I recently read a New York Times article about the challenges of being a working mom during this pandemic. As a new mom with a 7-month-old baby, I find myself in constant negotiation with work, child care, and taking care of my elderly grandparents.

Because I’m breastfeeding, our family is able to save money on hard-to-find formula. And because our day care center is closed, we’re also able to save on child care.

Just like everyone else, we are trying to save money where we can, given the uncertainty. However, the emotional toll of round-the-clock child care, not to mention the onset of chronic pains common for parents, and the general anxiety of life under a pandemic is too costly in other invisible ways. Working moms need a hand now more than ever.

I recognize that I am one of the luckier ones. But domestic workers, nail techs, hair salon workers and retail workers across our borough already were struggling to get by before COVID-19. Low wages, a lack of health care, and struggling to pay for and find reliable, trusted child care are all measures of how we have been failing moms.

Imagine the struggle of a mom who just lost her job trying to get through to a dysfunctional unemployment system, while trying to make sense of their child’s homework assignments. Imagine that pressure if she isn’t a native English speaker, or isn’t a math whiz (I honestly can’t make sense of 90 percent of my middle school sibling’s math problems).

Education has always been seen as a pathway out of poverty. But without in-person support for students with a wide spectrum of needs, the pressure to support our students is on the shoulders of already heavily burdened parents without many resources to set them up for success.

Almost half of renters within Community Board 8 live in severely rent-burdened, low-income housing. Only about half of our fourth-graders are performing at grade-level in English language arts and math. Taken together, these are major stressors for moms who want to make sure their kids have better lives than they did, but who don’t have the help they need to make that happen.
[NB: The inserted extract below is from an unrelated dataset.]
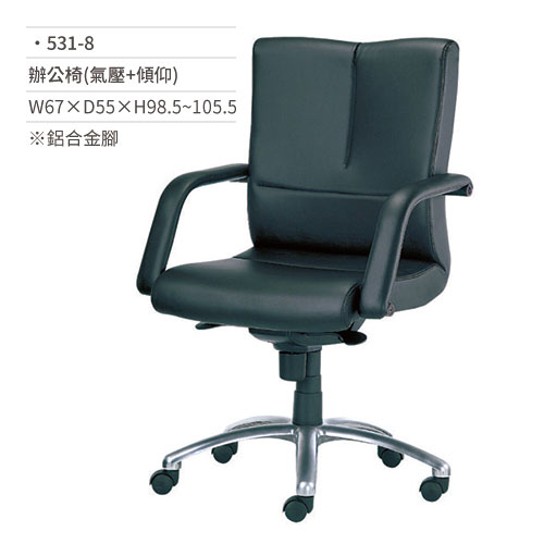 皮面辦公椅(鋁合金腳/有扶手/氣壓+傾仰)531-8 W67×D55×H98.5~105.5

Imagine if you are undocumented and don’t qualify for federal stimulus relief. With the U.S. Supreme Court set to rule on Deferred Action for Childhood Arrivals any day now, this means the additional stress and uncertainty of being able to keep your family together, or being placed on a fast track to deportation.

If there is anything we can take away from this crisis, we need health care for all now more than ever. We need meaningful relief for mixed-status families from our federal and state government. And working moms need guaranteed paid family leave and high-quality universal child care.
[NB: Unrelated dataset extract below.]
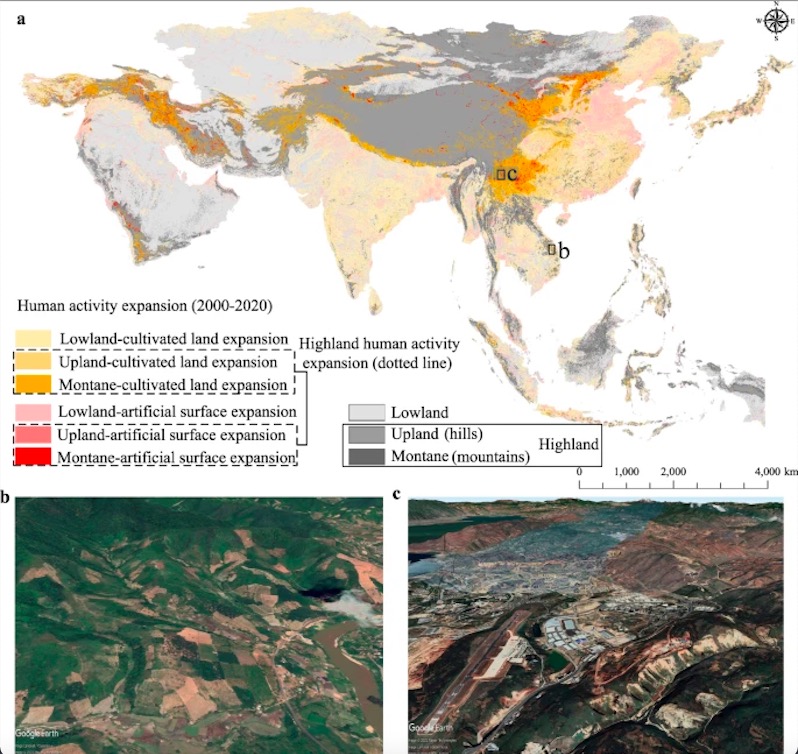 圖1. 亞洲人類活動擴張:(a)人類活動擴張的空間分布(b)耕地向高地擴張(c)人造地表向高地擴張

We also need quality, government-funded post-partum care for new moms. While there’s a lot of budget cutting going on in Albany and New York City, we cannot afford to lose life-saving help for moms administered by trusted community-based organizations.

Last, we need to make sure that our elected officials are making critical information and resources as accessible as possible. This means quality, user-friendly multilingual outreach. Google Translate just won’t cut it. We need to ensure that resources are being shared where people get their news from, including local newspapers, radio and targeted social media ads like on WhatsApp, WeChat and others.

This also means good old-fashioned poster campaigns at bus stops, in our bodegas and supermarkets to make sure that hard-to-reach members of our community are getting the answers to questions they need most.

COVID-19 is forcing us to re-imagine the kind of world we want to rebuild once we get through this. We know that working moms are the backbone of Broadway — as nurses on the frontlines, cashiers at the grocery stores, servers in local restaurants, as the familiar faces at Columbia Florist, and now as full-time home-school teachers struggling to keep food on the table and roofs over their families’ heads.

How we treat our moms is the ultimate measure of how we’re doing as a society.

Let’s give moms an early Mother’s Day gift and show up for all of them.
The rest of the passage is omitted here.